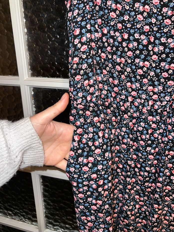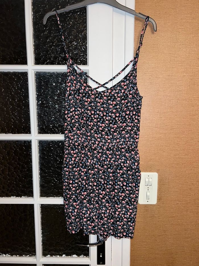 Combi short fleurie, dos avec bretelles croisées, et poches! En très bon état. Matière fine.
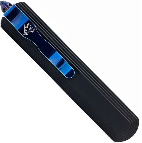 9.25" Best Black D/A OTF Automatic Knife Blue Damascus Dagger. blade is featured and made from 440 stainless steel. The handle is made from zinc alloy with a molded four line design around the edge. A punch for emergencies is provided as well as a steel pocket clip.Overall Length: Overall Length: 9.25 inch, Blade Length: 3.75 inch.
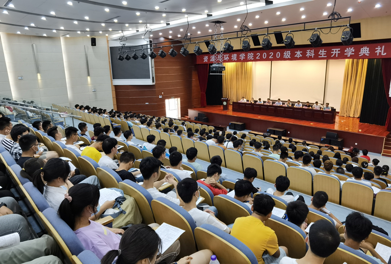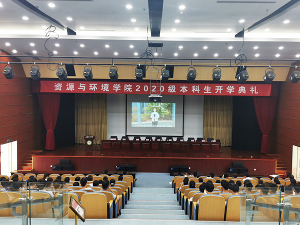本网讯 9月12日下午,资源与环境学院2020级本科生开学典礼在图书馆第一报告厅隆重举行。学院党政领导、新生辅导员以及全体2020级本科生参加典礼。典礼在嘹亮的国歌声中拉开帷幕。
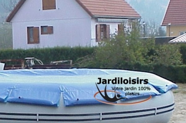 Bache d'hiver Zodiac pour piscine Zodiac Ovline 4000, hors-sol ou semi-enterrée, en toile enduite PVC coloris bleu avec boudins périphériques à remplir d'eau.
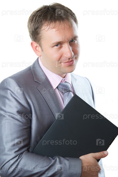 Портрет бизнесмена с папкой на белом фоне. Бизнес и финансы
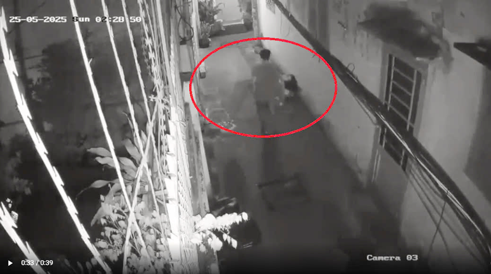 Camera an ninh ghi lại cảnh Nguyễn Ngọc C. mang thi thể mẹ quấn trong chăn, mền, vứt ra đường lúc rạng sáng. (Ảnh: Người dân cung cấp)
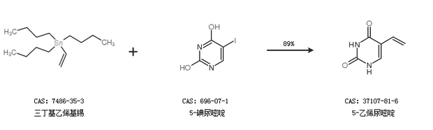 1.通過三丁基乙烯基錫和5-碘尿嘧啶合成5-乙烯尿嘧啶,收率約89%;
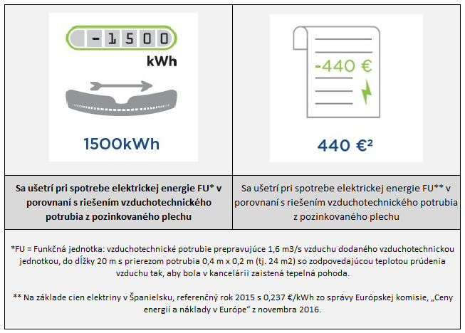(1000 m2 systému CLIMAVER® 360 zodpovedá 700 m vzduchotechnického potrubia s vnútorným prierezom 400 x 200 mm)

^^^^^^^^^^^^^^^^

* Task item:
Could you write out the whole listing exactly, skipping every picture?

* Task solution:
 Combi short fleurie, dos avec bretelles croisées, et poches! En très bon état. Matière fine.
 9.25" Best Black D/A OTF Automatic Knife Blue Damascus Dagger. blade is featured and made from 440 stainless steel. The handle is made from zinc alloy with a molded four line design around the edge. A punch for emergencies is provided as well as a steel pocket clip.Overall Length: Overall Length: 9.25 inch, Blade Length: 3.75 inch.
本网讯 9月12日下午,资源与环境学院2020级本科生开学典礼在图书馆第一报告厅隆重举行。学院党政领导、新生辅导员以及全体2020级本科生参加典礼。典礼在嘹亮的国歌声中拉开帷幕。
 Bache d'hiver Zodiac pour piscine Zodiac Ovline 4000, hors-sol ou semi-enterrée, en toile enduite PVC coloris bleu avec boudins périphériques à remplir d'eau.
 Портрет бизнесмена с папкой на белом фоне. Бизнес и финансы
 Camera an ninh ghi lại cảnh Nguyễn Ngọc C. mang thi thể mẹ quấn trong chăn, mền, vứt ra đường lúc rạng sáng. (Ảnh: Người dân cung cấp)
 1.通過三丁基乙烯基錫和5-碘尿嘧啶合成5-乙烯尿嘧啶,收率約89%;
(1000 m2 systému CLIMAVER® 360 zodpovedá 700 m vzduchotechnického potrubia s vnútorným prierezom 400 x 200 mm)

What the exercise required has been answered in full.